Le Maroc doit aller davantage au devant de ses amis, dont il ne manque pas, et surtout en mobiliser d’autres, notamment en Afrique Subsaharienne – anglophone, notamment – en Amérique Latine, en Asie ou dans les pays scandinaves. Aucun espace ne doit être négligé, aucune rencontre internationale importante ne doit être délaissée – la politique de la chaise-vide étant la plus mauvaise des postures à l’échelle des rapports entre nations -, aucune région ne doit être considérée comme définitivement acquise aux désirs d’Alger ou ne doit être abandonnée à sa diplomatie.
L’Afrique du Nord, de la Mauritanie au Soudan, ainsi que la région sahélienne à laquelle elle est accolée, est maintenant une zone de troubles permanents qui menacent le voisinage et la stabilité régionale et continentale, pour une grande part à cause des visées de l’Algérie et aussi de groupes terroristes qui ont essaimé à partir de son territoire.
Le Maroc doit être en mesure de démontrer que le conflit du Sahara est d’abord un différend algéro-marocain, que la volonté d’Alger demeure de s’ouvrir une porte sur l’Atlantique tout en l’isolant de ses arrières sahélo-sahariennes. Quoiqu’elle fasse, quoiqu’elle dise, c’est à cela qu’elle veut parvenir, in fine.
Aussi, faudra-t-il en finir avec la thèse d’Alger-partie-intéressée-mais-pas-concernée.
L’Algérie est, sans aucun conteste possible, une partie centrale du conflit autour du Sahara dit occidental. Elle en est même la principale instigatrice, l’agent majeur de sa survie depuis bientôt 40 années et voudrait, surtout, en être l’ultime bénéficiaire.
Tout cela doit être dit et répété partout par les Marocains qui doivent aussi démonter qu’il existe une solution globale pour l’espace maghrébin dans son ensemble. Celle de l’avenir, c’est-à-dire celle de la construction d’un Grand Maghreb, démocratique, composé d’Etats de droit, sans frontières, mettant toutes ses réserves humaines, naturelles et financières au service de ses populations.

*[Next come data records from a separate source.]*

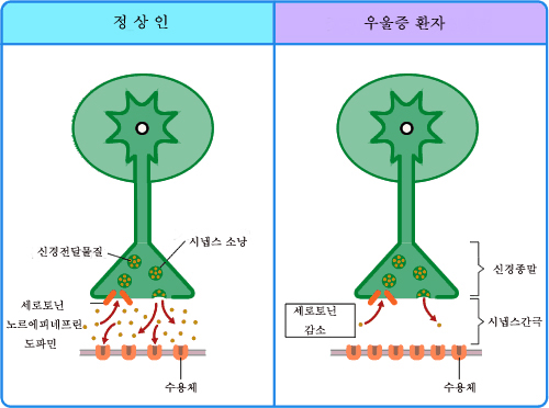 노르에피네프린(norepinephrine: NE). 노르에피네프린은 아세틸콜린처럼 자율신경계 뉴런에서 발견되기 때문에 많은 실험적 관심을 받았다. 일반적으로 자율신경계의 교감신경계에서 주로 사용하는 노르에피네프린은 각성과 정서행동을 조절하는 기능을 한다(Pools, 1980). 그래서 우울증과 같은 정서적 장애는 노르에피네프린과 도파민의 부족과 관련된다(Weiss et al., 1981). 우울증 환자를 치료하는 데 사용하는 일부 항우울제는 주로 노르에피네프린계에 작용한다. 조울증 환자가 조증 상태에 있을 때는 리튬(lithium)을 투여하는데, 이것은 시냅스 간격에 방출된 노르에피네프린의 재흡수를 촉진한다(Goodwin et al., 1972). 여기서 조증은 자기 도취감에 빠져 지나치게 말을 많이 하고 판단력이 상실되는 등의 증상을 보이는 정서적 장애이다.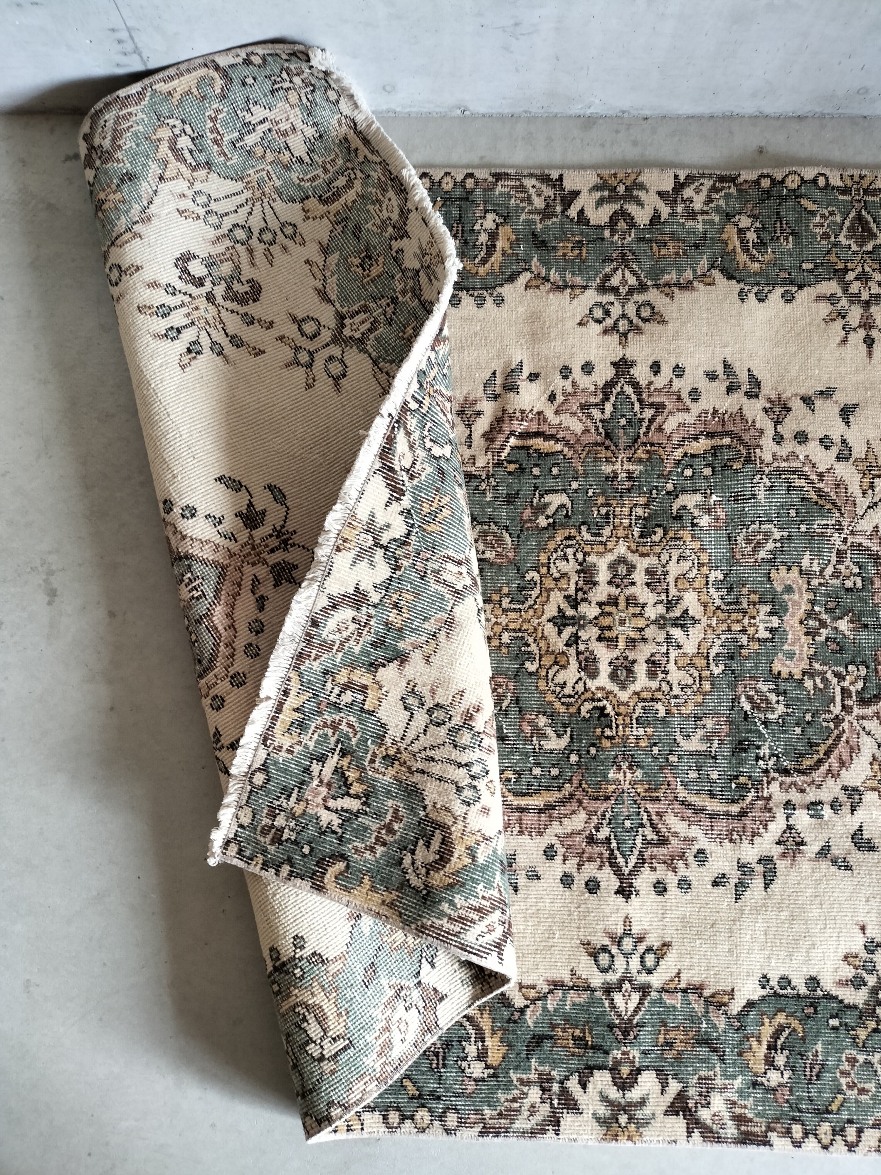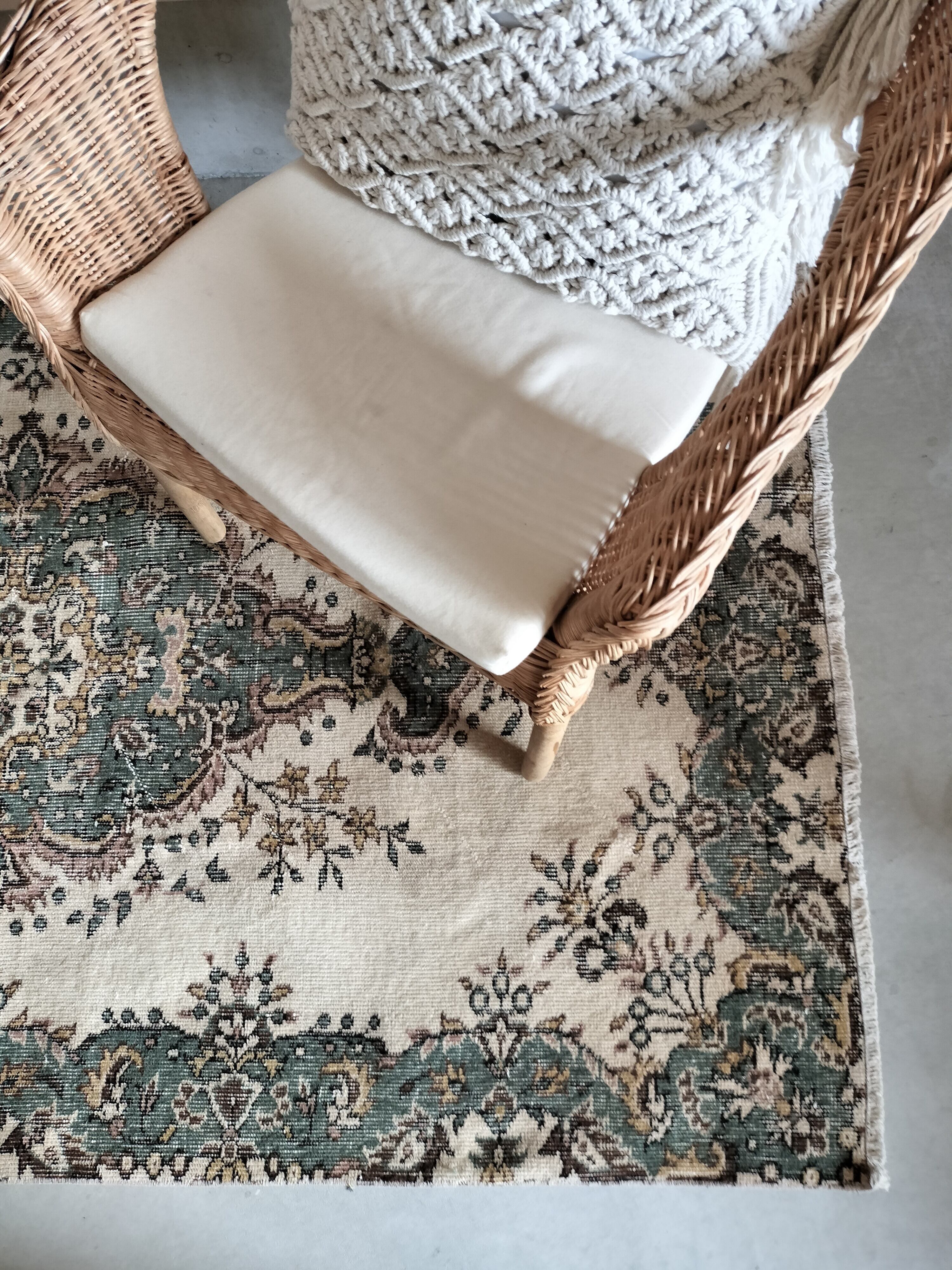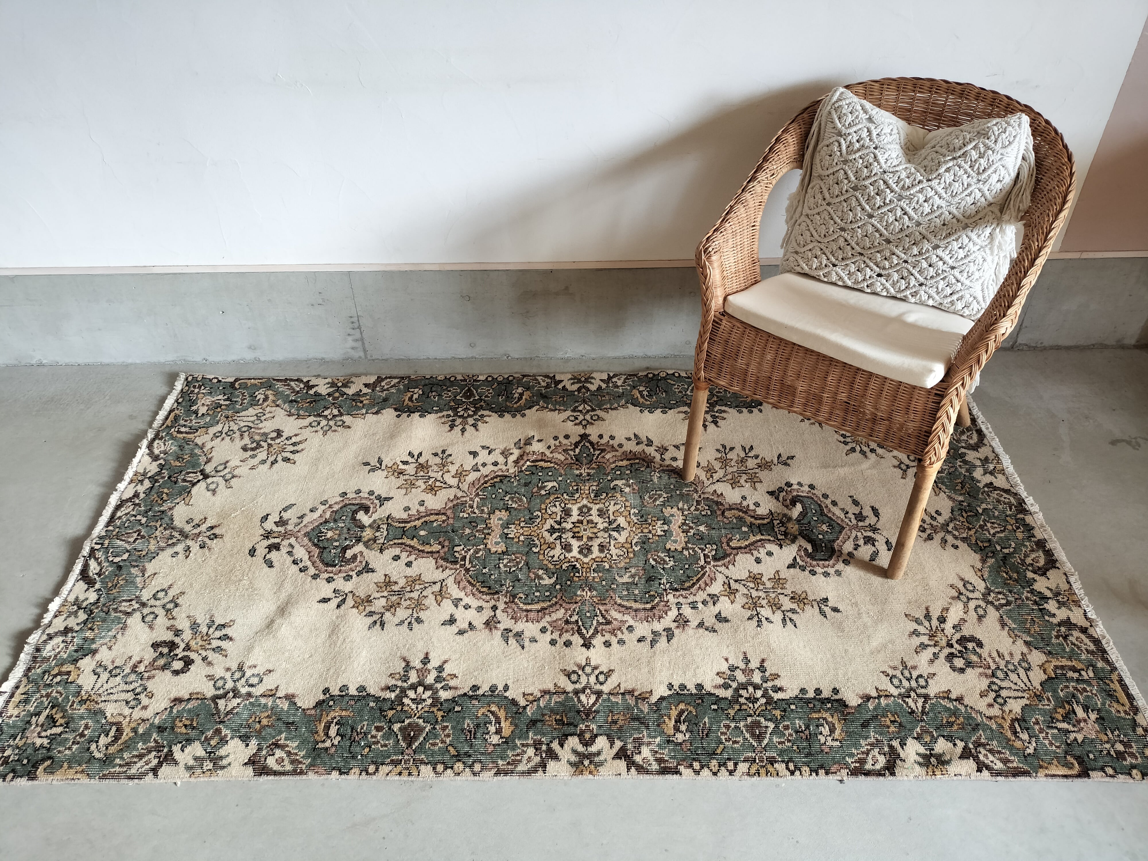 ヴィンテージラグらしい存在感のある色味が特徴のトルコラグ。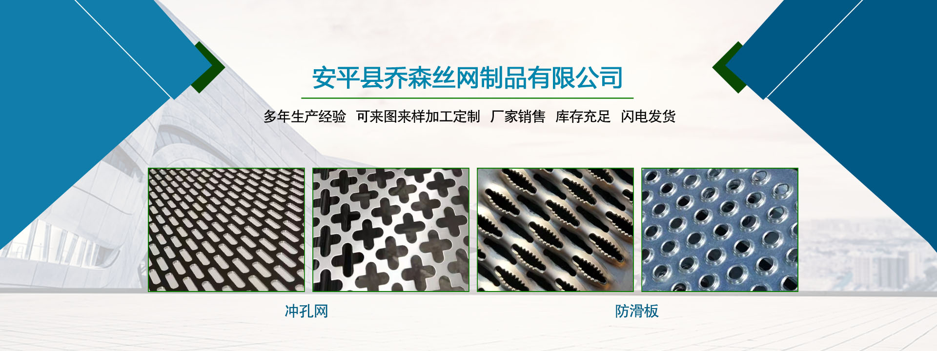 安平縣喬森絲網(wǎng)制品有限公司主營產(chǎn)品:篩網(wǎng)、金屬裝飾網(wǎng)、沖孔網(wǎng)板、防滑板和軋花網(wǎng)。常年現(xiàn)貨供應45號黑鋼絲編織篩網(wǎng)、熱鍍鋅鋼絲篩網(wǎng)、304不銹鋼篩網(wǎng)和冷鍍鋅鐵絲網(wǎng),加工定做耐磨65號錳鋼絲篩網(wǎng)、菱形孔防堵篩網(wǎng)、養(yǎng)殖用長方孔鐵絲網(wǎng)、金屬裝飾網(wǎng)、盤條 礦篩網(wǎng)等各種鋼絲篩網(wǎng)和建筑用鐵絲網(wǎng)片,歡迎新老客戶前來咨詢洽談合作。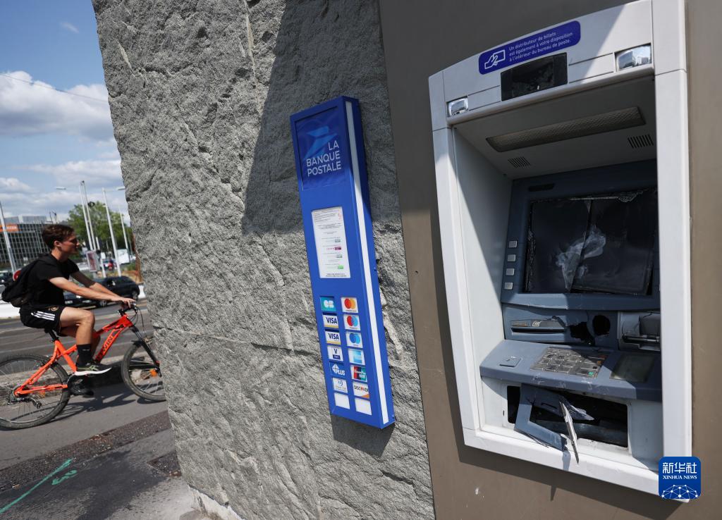 6月30日,在法国上塞纳省楠泰尔市,一个提款机被示威者毁坏。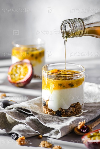 Десерт с йогуртом и фруктами страсти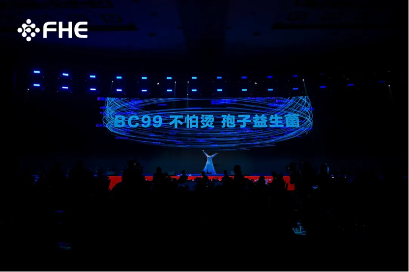 晚宴现场,绚烂的烟火在夜空中绽放,将整个会场烘托得如梦如幻。舞台上,灯光闪烁,动感的音乐旋律响起,瞬间点燃了现场所有人的热情。在这样热烈的氛围中,“不怕烫孢子益生菌BC99”隆重登场,成为了全场瞩目的焦点。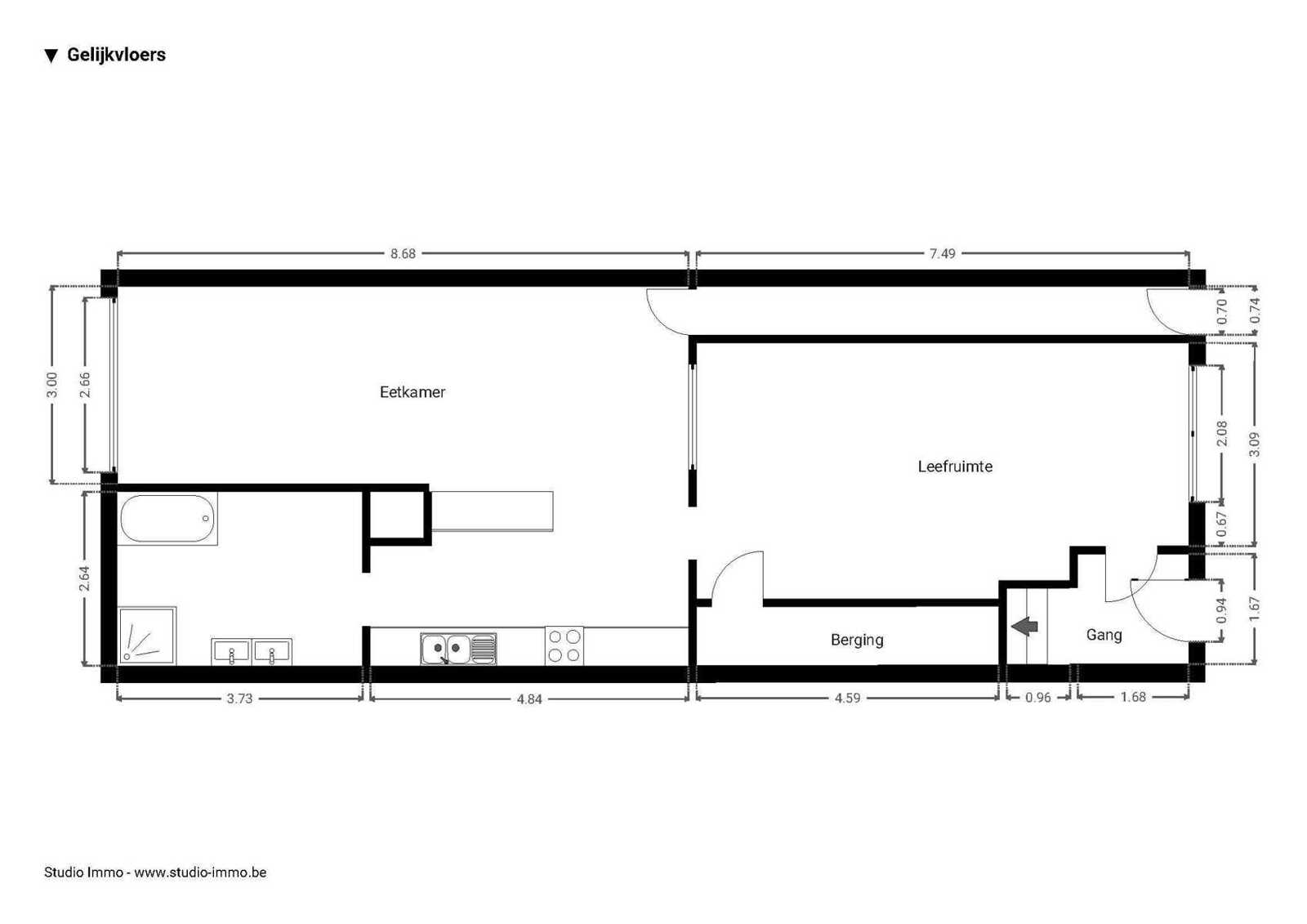 Verder beschikt het gelijkvloers over een praktische berging en een handige zij-ingang.

Et non pas en les mobilisant pour une guerre qui n’aurait jamais lieu, mais qui, en étant présente dans tous les esprits, hypothèque notre avenir à tous, limite notre capacité à aider nos voisins du sud et nous empêche de collaborer, dans une situation d’équilibre, avec l’Europe en vue de l’institution d’un espace euro-méditerranéen de paix, de stabilité et de prospérité partagée.